Several groups have studied HSV gene transcription and translation in explanted ganglia as a model of reactivation (4
). In some cases it was concluded that the transcriptional program during reactivation differed from that seen during lytic infection or that viral DNA replication was required for immediate-early gene expression. When these data are considered in the context of results presented here, caution should be employed in interpreting these earlier studies. It is likely that the transcriptional events that they were attempting to quantify (occurring after 24 to 48 h in culture) were largely the result of virus spread in the explanted ganglia and not primary reactivation events. It should be emphasized that most investigators monitor reactivation in explanted ganglia by methods requiring release of virus from the explanted tissue, an approach not designed to detect the low levels of virus produced in a very few reactivating neurons within the tissue. The fact that reactivation occurs within 22 h postexplant is not generally appreciated but has been reported previously. Using the more sensitive approach that we have utilized for detecting reactivation in ganglia in vivo, namely, directly grinding the ganglia and plating the homogenate onto indicator cells, Klein detected from 1 to 100 PFU in seven of eight TG latently infected with 17syn+ at 24 h postexplant (8
). In addition, we have shown here that strain KOS also reactivates in this time frame, although with reduced frequency.
We conclude that explant reactivation may provide an ancillary system for selected studies of the early events in reactivation. However, clear signs of neuronal degeneration as early as 2 to 3 h postexplant indicate that there are dramatic additional changes in these ganglia that are not associated with the reactivation process. For example, we found that many neurons in ganglia explanted in vitro expressed cdk2 and cdk4, but this did not occur in ganglia induced to reactivate in vitro. On the basis of similar findings in cultivated ganglia in vitro, Schang et al. concluded that neuronal levels of cdk2 were among the factors that determine the outcome of HSV infections of neurons (26
). Our results suggest that this conclusion may not be relevant to the in vivo setting, since cdk2 was not upregulated following hyperthermic stress. We did not detect cdk4 expression in TG neurons in vivo before or after hyperthermic stress, although it was upregulated following explant. In contrast, Schang et al. reported expression of cdk4 in the cytoplasm of normal neurons in vivo (26
). The reason for this discrepancy is not known, but it might be attributed to the antibodies, fixation, and/or unmasking procedures employed. Regardless, we show here that the nuclear cdk4 expression that we detected in explanted ganglia is not a prerequisite or a precipitating event for reactivation in vivo.

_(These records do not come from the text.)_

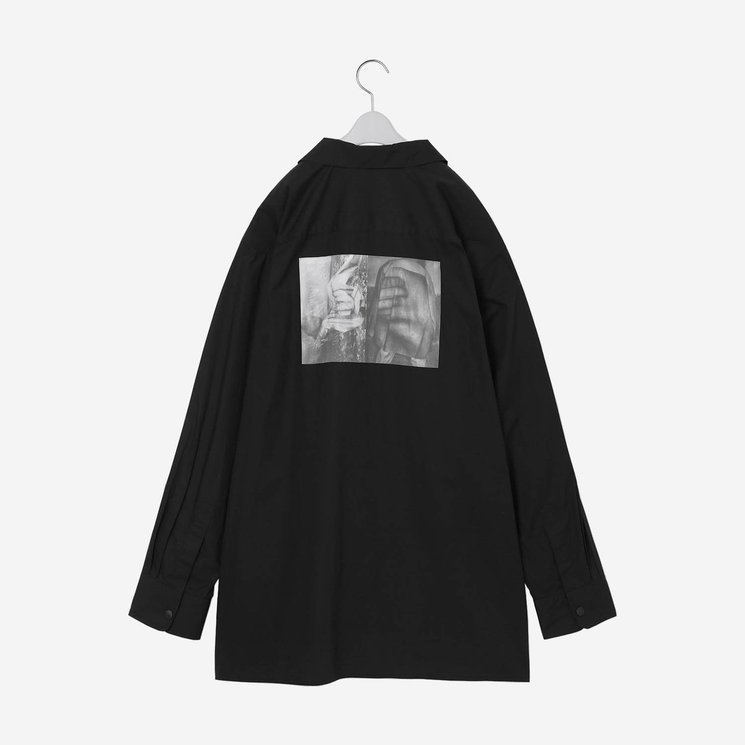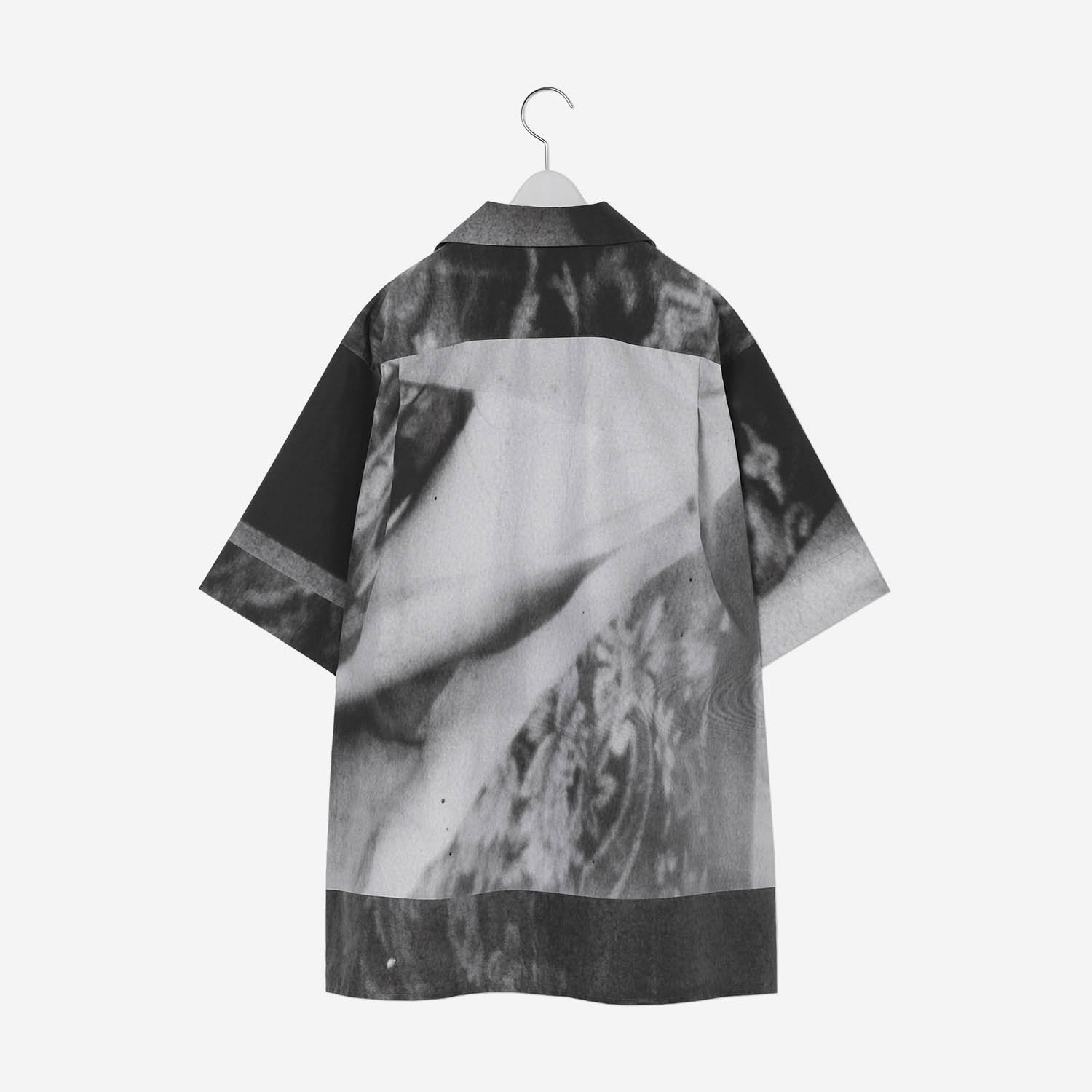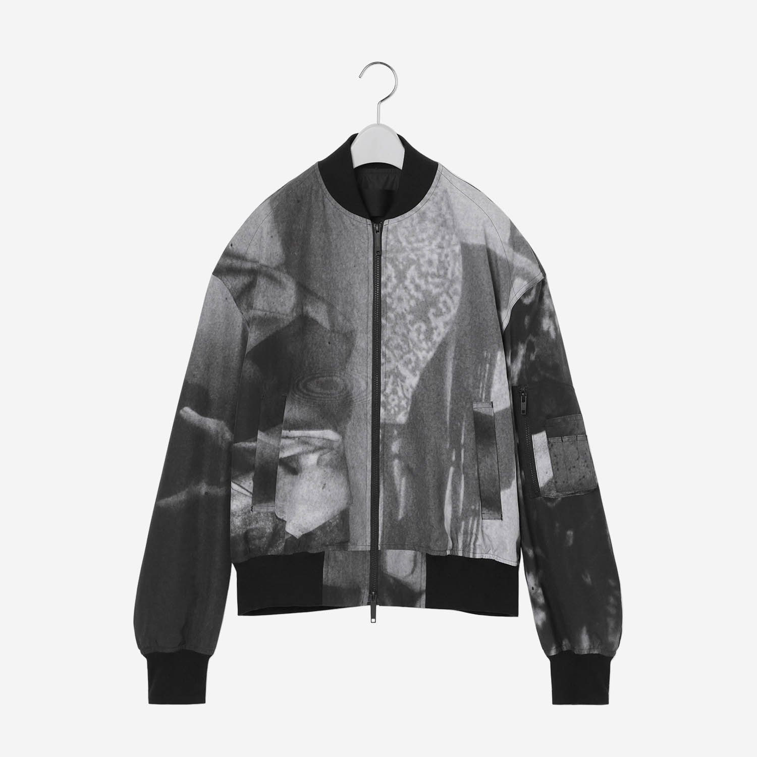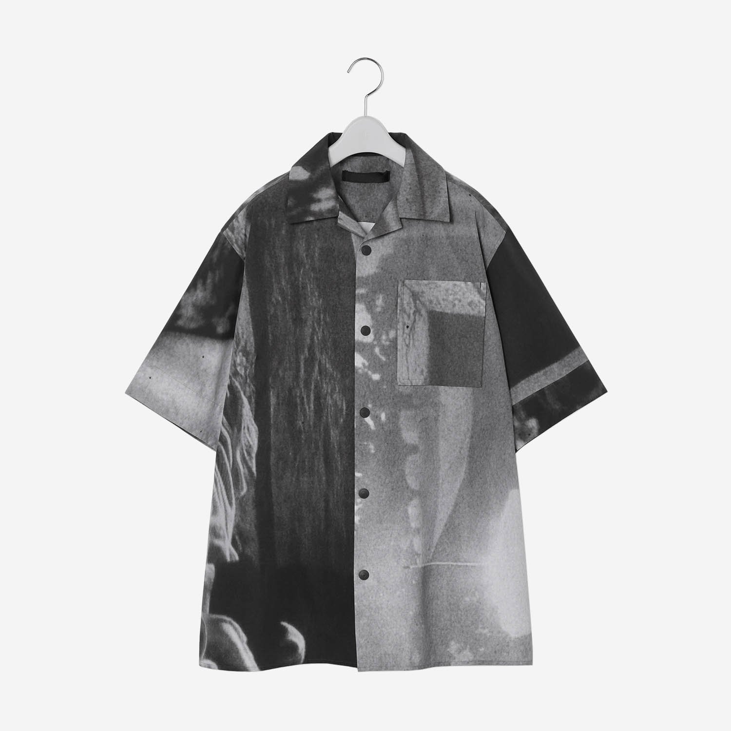 今回のコラボは、第1弾コラボのアイテムを着用したモデルを横田が撮影し、その作品をウェアに落とし込んだ。モノクロの写真をランダムに施したショート丈のMA-1ジャケット「DY Short MA-1 Jacket」(6万3800)をはじめ、胸と背面にモノクロの作品をプリントしたオーバーサイズの開襟シャツ「DY Oversized Shirt」(5万600)や、グラフィックを全面に配したセットアップで着用可能な半袖Tシャツ「DY Drop Shoulder Tee」(2万6400)とショーツ「DY Sports Shorts」(4万8400/いずれも税込)など全9型を用意する。なおウェアにプリントするグラフィックは1点ごとに異なるアートピースとなっている。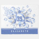 Cette couverture polaire à thème volleyball girly dispose d'une "explosion" de taille variée volleyballs bleu et blanc et de formes étoiles bleues, grises et blanches sur un arrière - plan noir personnalisable - personnaliser avec le nom de l'athlète et le numéro de maillot - les panneaux volleyball bleu et gris sont mélangés avec un motif kaleidoscopique girly floral pour une apparence texturée, motif pois blanc surplombe l'étoile bleue - par katz_d_zynes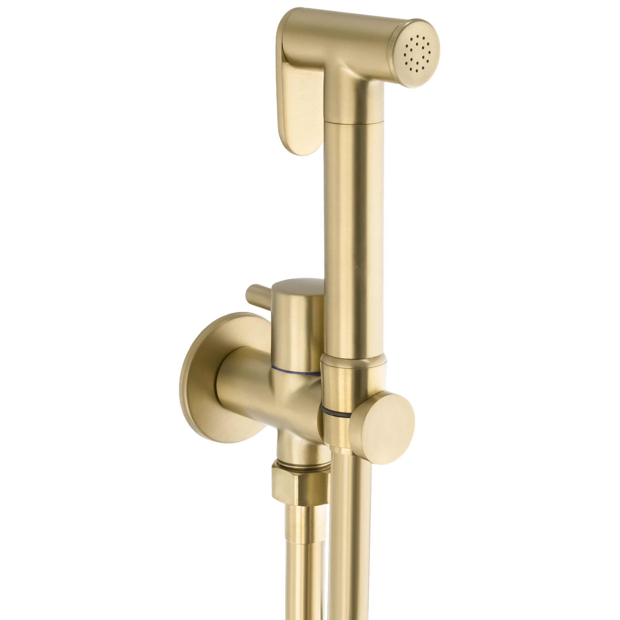 Grifo de bidet empotrado con diseńo redondo y acabado dorado cepillado, perfecto para ańadir estilo y funcionalidad al bańo.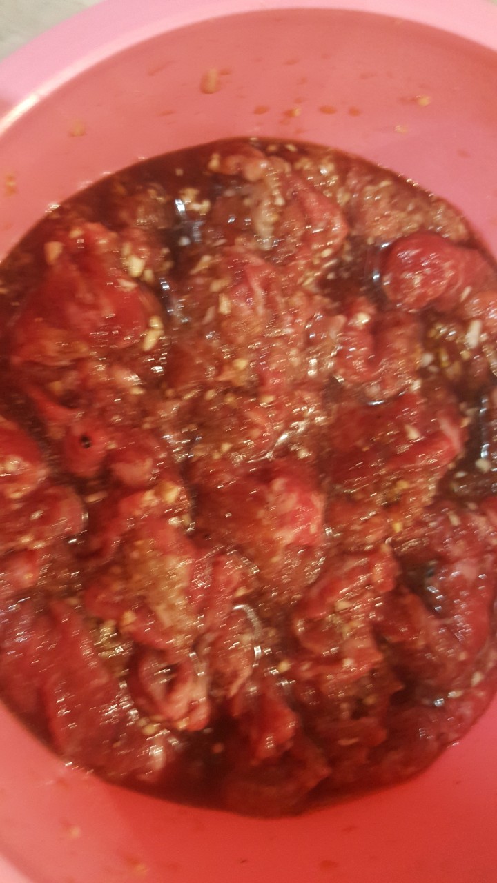 양념해놓고 기다립니다.(고기 500g, 간장 5, 설탕 2, 물엿 1, 마늘 2, 매실 1, 생강가루 조금, 액젓 1, 배가 없어서 (사과+양파즙))

It is also not yet clear in what ways the changes induced in neurons by axotomy and explantation, including neuronal apoptosis demonstrated by cytoplasmic cytochrome c and TUNEL staining, would influence the pathway(s) leading to viral reactivation. Our results suggest that these changes relax the barriers to reactivation and may obviate the need for certain virally encoded functions. While such a system could ultimately provide a fertile experimental field, understanding the basic details of the virus-host interactions resulting in reactivation in the least complex and most relevant setting, i.e., in vivo, appears to be the most direct and best approach to understanding this important question.